#### Description of the task:
Without the pictures, can you quote each line below exactly?

#### Raw data:
════════════════

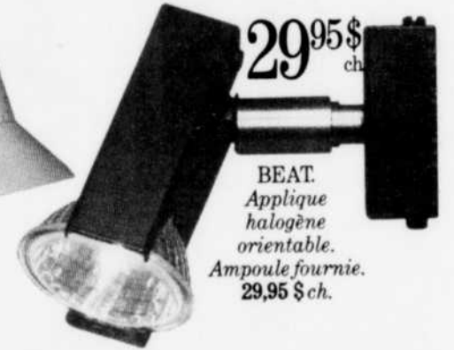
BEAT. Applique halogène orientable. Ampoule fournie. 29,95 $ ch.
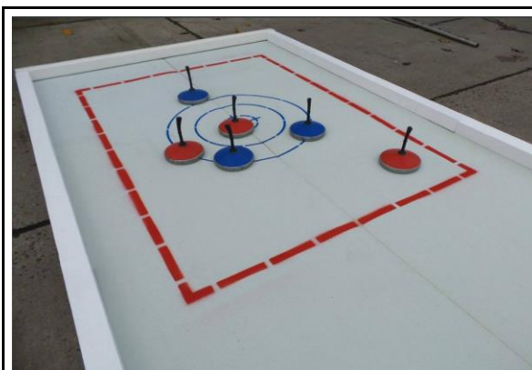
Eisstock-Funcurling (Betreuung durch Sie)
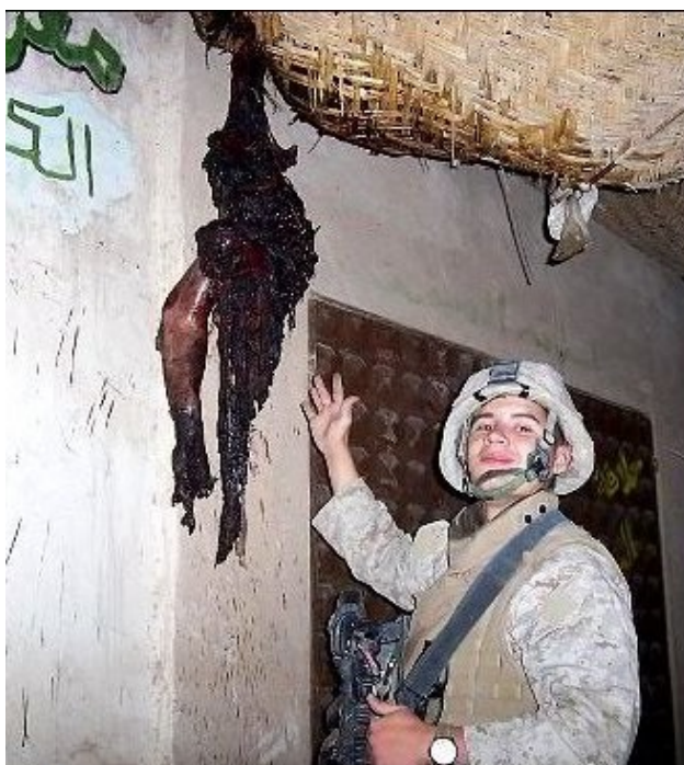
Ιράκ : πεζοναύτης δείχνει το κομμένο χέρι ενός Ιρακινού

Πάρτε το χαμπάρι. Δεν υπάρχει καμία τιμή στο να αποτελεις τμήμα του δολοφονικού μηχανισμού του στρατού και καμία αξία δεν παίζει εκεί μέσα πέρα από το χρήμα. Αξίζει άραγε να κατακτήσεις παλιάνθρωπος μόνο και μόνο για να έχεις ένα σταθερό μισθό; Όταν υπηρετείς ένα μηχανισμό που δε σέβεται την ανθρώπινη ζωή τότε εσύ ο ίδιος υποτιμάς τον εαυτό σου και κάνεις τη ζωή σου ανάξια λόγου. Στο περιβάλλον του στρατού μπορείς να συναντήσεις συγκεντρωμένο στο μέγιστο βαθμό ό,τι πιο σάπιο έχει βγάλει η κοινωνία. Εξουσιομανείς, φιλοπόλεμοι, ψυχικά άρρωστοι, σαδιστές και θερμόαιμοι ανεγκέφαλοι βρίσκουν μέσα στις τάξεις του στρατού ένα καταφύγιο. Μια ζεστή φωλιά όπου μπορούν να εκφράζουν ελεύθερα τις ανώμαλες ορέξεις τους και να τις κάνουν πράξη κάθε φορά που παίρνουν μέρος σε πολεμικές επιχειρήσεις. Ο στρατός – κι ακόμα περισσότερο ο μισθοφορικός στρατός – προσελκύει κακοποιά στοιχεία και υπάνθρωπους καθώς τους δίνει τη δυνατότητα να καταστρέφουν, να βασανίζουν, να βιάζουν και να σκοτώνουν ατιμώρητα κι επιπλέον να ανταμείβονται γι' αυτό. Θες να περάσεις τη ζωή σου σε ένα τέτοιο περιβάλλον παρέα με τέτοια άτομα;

════════════════

#### Response area:
BEAT. Applique halogène orientable. Ampoule fournie. 29,95 $ ch.
Eisstock-Funcurling (Betreuung durch Sie)
Ιράκ : πεζοναύτης δείχνει το κομμένο χέρι ενός Ιρακινού

Πάρτε το χαμπάρι. Δεν υπάρχει καμία τιμή στο να αποτελεις τμήμα του δολοφονικού μηχανισμού του στρατού και καμία αξία δεν παίζει εκεί μέσα πέρα από το χρήμα. Αξίζει άραγε να κατακτήσεις παλιάνθρωπος μόνο και μόνο για να έχεις ένα σταθερό μισθό; Όταν υπηρετείς ένα μηχανισμό που δε σέβεται την ανθρώπινη ζωή τότε εσύ ο ίδιος υποτιμάς τον εαυτό σου και κάνεις τη ζωή σου ανάξια λόγου. Στο περιβάλλον του στρατού μπορείς να συναντήσεις συγκεντρωμένο στο μέγιστο βαθμό ό,τι πιο σάπιο έχει βγάλει η κοινωνία. Εξουσιομανείς, φιλοπόλεμοι, ψυχικά άρρωστοι, σαδιστές και θερμόαιμοι ανεγκέφαλοι βρίσκουν μέσα στις τάξεις του στρατού ένα καταφύγιο. Μια ζεστή φωλιά όπου μπορούν να εκφράζουν ελεύθερα τις ανώμαλες ορέξεις τους και να τις κάνουν πράξη κάθε φορά που παίρνουν μέρος σε πολεμικές επιχειρήσεις. Ο στρατός – κι ακόμα περισσότερο ο μισθοφορικός στρατός – προσελκύει κακοποιά στοιχεία και υπάνθρωπους καθώς τους δίνει τη δυνατότητα να καταστρέφουν, να βασανίζουν, να βιάζουν και να σκοτώνουν ατιμώρητα κι επιπλέον να ανταμείβονται γι' αυτό. Θες να περάσεις τη ζωή σου σε ένα τέτοιο περιβάλλον παρέα με τέτοια άτομα;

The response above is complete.